The Cu nanoparticles are easy to disperse in the oil, enabling the tool and the workpiece to pass on to each other easily. This reduces the abrasion and adhesive effects of materials. The protective layer of particles of Cu acts as a solid lubricant, thus preventing the metals from coming in contact with each other30. Furthermore, built-up edge (BUE), a common problem that affects tool shape and surface finish during prolonged machining runs, is prevented by this film. Tools move more smoothly, and ploughing has less impact on the workpiece surface due to the reduced coefficient of friction. Therefore, the surface roughness (Ra) of the machined part should significantly decrease. Improved lubrication ensures smooth chip flow, reduced tool vibration, and a more uniform cutting zone, all of which contribute to improved surface quality23. Rice bran oil-based Cu nanofluids not only work better, but they are also a biodegradable and non-toxic alternative to regular cutting fluids that are made from petroleum. Their better tribological and thermal properties can help reduce the amount of fluid used, making them an eco-friendly choice for modern machining industries that want to go green12,31.

Conclusion

The proposed research was able to demonstrate the development and evaluation of a high-performance, sustainable, and high-performance cutter of a rice bran oil (RBO)-based cutter dispersed in copper nanoparticles (Cu-NPs). The study has shown that the addition of Cu nanoparticles to RBO significantly enhances its thermophysical and tribological characteristics, making it an appropriate and easy-to-use, eco-friendly lubricant alternative to conventional mineral-oil-based lubricants.
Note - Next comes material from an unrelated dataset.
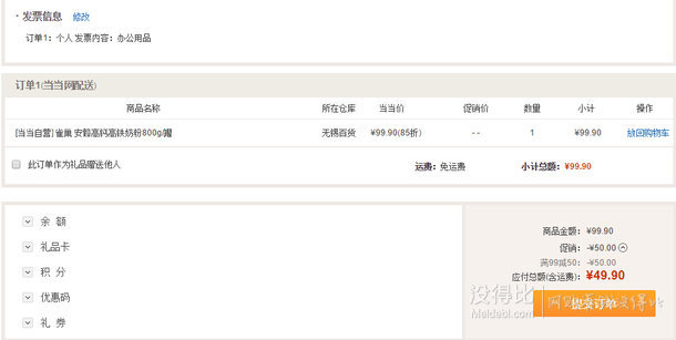 雀巢 安骼高鈣高鐵奶粉800g/罐,當(dāng)當(dāng)售價(jià)99.9元,參加滿99減50,實(shí)付49.9元包郵,其他渠道至少都在73元以上。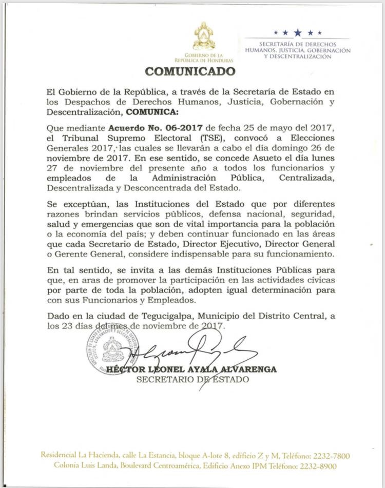 Tegucigalpa.- El gobierno presidido por el candidato del Partido Nacional, Juan Hernández, mediante un comunicado de prensa ha anunciado que el aproximo lunes 27 de noviembre será feriado para los empleados públicos.

Based on the tests, the analysis revealed that Cu nanoparticles were uniformly dispersed in the base oil and did not alter its chemical structure. Consequently, it causes the suspension to remain stable over a long period. The thermal conductivity of the nanofluid also increases exponentially with an increase in the number of nanoparticles. This is attributed to the increased micro-convection due to the Brownian motion, as well as the ability of the copper particles to create more effective channels of heat transfer. It enhances the tool-chip interface, strengthening its capacity to bear load, and is beneficial in lubrication and minimizing wear, despite a slight rise in viscosity. The performance ratio (k/m) ensures that it is evident that the higher the viscosity, the more effective the transfer of heat. The cooperation between the RBO polar molecules that occur naturally and the Cu nanoparticles regarding the creation of this stable tribo-film derives. Such a combination maintains lower temperatures and decreases wear and friction. In general, Cu-RBO nanofluid is superior to conventional cutting fluids. It freezes faster, oils more efficiently, and is more eco-friendly, all of which align with the green manufacturing and the circular economy. The findings indicate that reinforced bran oil nanofluids made of Cu can drastically transform sustainable machining and precision. This has ensured that the biodegradable nanofluid lubricants can be applied in the industry in the future.